Russia wins court battle over new ACT embassy site

The government has been told not to interfere with Russia's "enjoyment" of its new embassy site.

The government has been told not to interfere with Russia's "enjoyment" of its new embassy site. Photo: AAP

Russia has maintained its lease of a new embassy site in Canberra, despite a push to strip it due to inactivity.

The Russian government took the Commonwealth to court over the cancellation of the lease in Yarralumla.

The Federal Court ordered the Australian government to not interfere with Russia’s “quiet enjoyment of the land”.

The Australian government has also been ordered to not re-enter or take possession of the land for a five-year period.

The lease was cancelled by the National Capital Authority on the basis of inactivity.

Foreign affairs department secretary Jan Adams said the cancellation and subsequent reinstatement of the lease were not related to Australia’s stance against Russia and its invasion of Ukraine and were a matter of contract law.

Opposition foreign affairs spokesman Simon Birmingham said people would be concerned that Russia would be entitled to build a brand new embassy at a prime location in Canberra.

“Surely the government is looking at avenues, legal (and) appropriate avenues, to ensure the Russian Federation doesn’t get to exercise this right to build a sparkling new embassy,” he said on Thursday.
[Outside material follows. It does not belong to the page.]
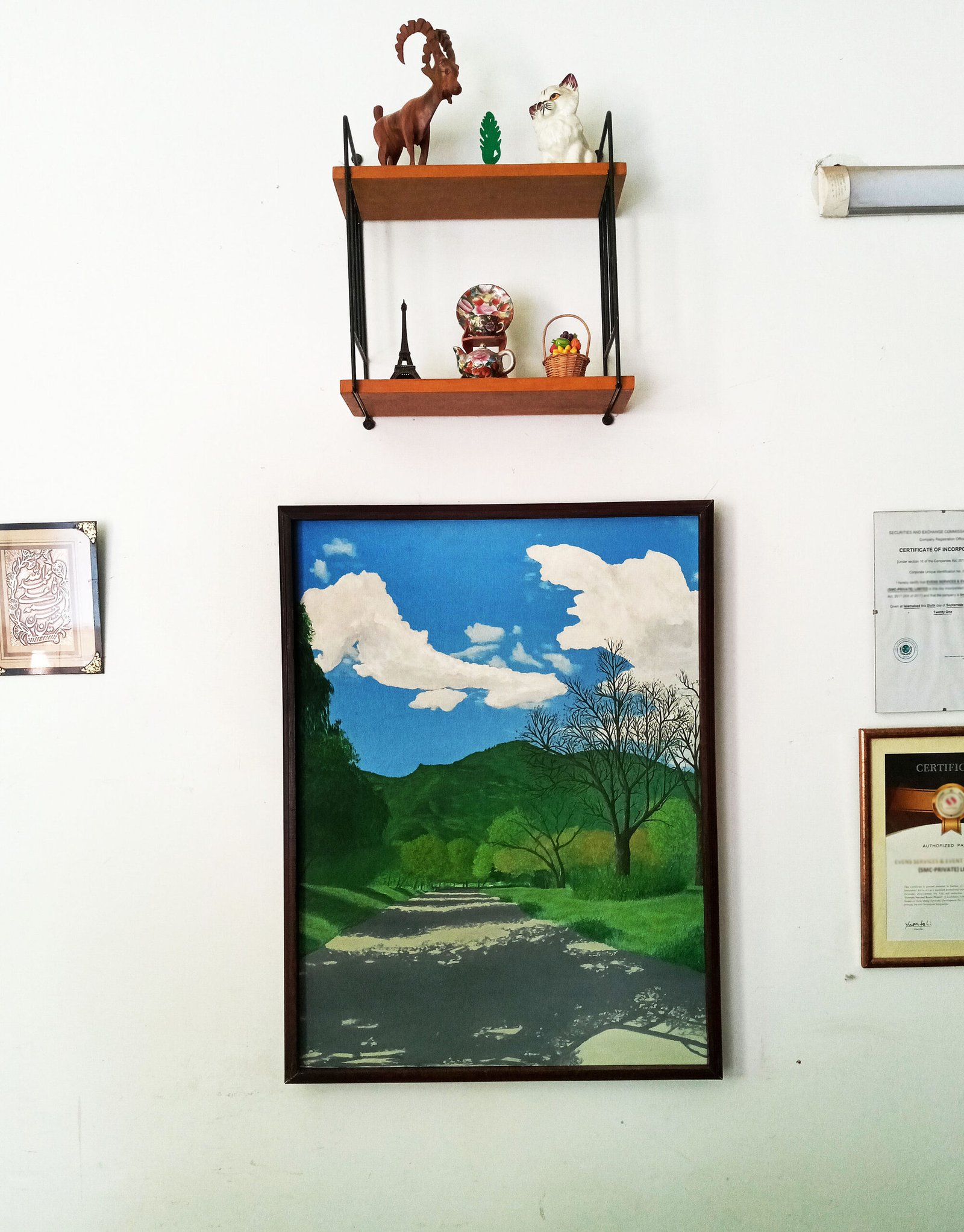 Adding to the painting’s allure is its depiction of the scenic hills of Margalla Hills National Park, located in Islamabad, Pakistan’s capital city. These famous hills, embraced by the warm afternoon light, provide a serene backdrop to the avenue. The juxtaposition of the towering hills and the avenue’s plastic carpeted ground creates a modern yet timeless panorama, a visual homage to the coexistence of urban and natural beauty within Islamabad.

Ms Adams said Australia was a nation that respected the rule of law and property rights.

The foreign affairs department was consulted by the National Capital Authority but didn’t get involved in the proceedings.
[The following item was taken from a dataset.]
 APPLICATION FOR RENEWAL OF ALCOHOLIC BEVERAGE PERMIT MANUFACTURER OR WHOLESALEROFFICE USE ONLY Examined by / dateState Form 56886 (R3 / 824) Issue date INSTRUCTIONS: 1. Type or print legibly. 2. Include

Senator Birmingham also pushed the government to provide extra assistance to Ukraine, after Kyiv recently called for the donation of Australian Hawkei vehicles and tanks.

Ukraine has launched a public campaign for extra Australian support, backed by a social media video using footage from the Australian smash hit film Mad Max.

Senator Birmingham said it was embarrassing that Ukraine had to result to public campaigns after direct lobbying from Kyiv to the government.

“This is now a public campaign being waged by the Ukrainian government and officials, presumably out of frustration because they haven’t managed to get a response from Australia,” he said.

“It speaks to our standing in the world, it speaks to perceived support of Ukraine, it speaks to the responsiveness of the Australian government.”

The government says it continues to support Ukraine and condemns Russia’s illegal invasion.

Ms Adams also defended the fact that the Australian embassy in Kyiv was yet to reopen, despite other Western nations re-opening their consulates.

Ms Adams said no Australian embassies were open in active war zones “and certainly none that have drone and missile strikes occurring”.

Relocating back to Kyiv required a robust assessment of security, which had recently deteriorated.

Unlike some NATO countries, she said Australia didn’t have a defence presence within Ukraine.

“As soon as the conditions allow, I would be very pleased to relocate back into Kyiv,” she said.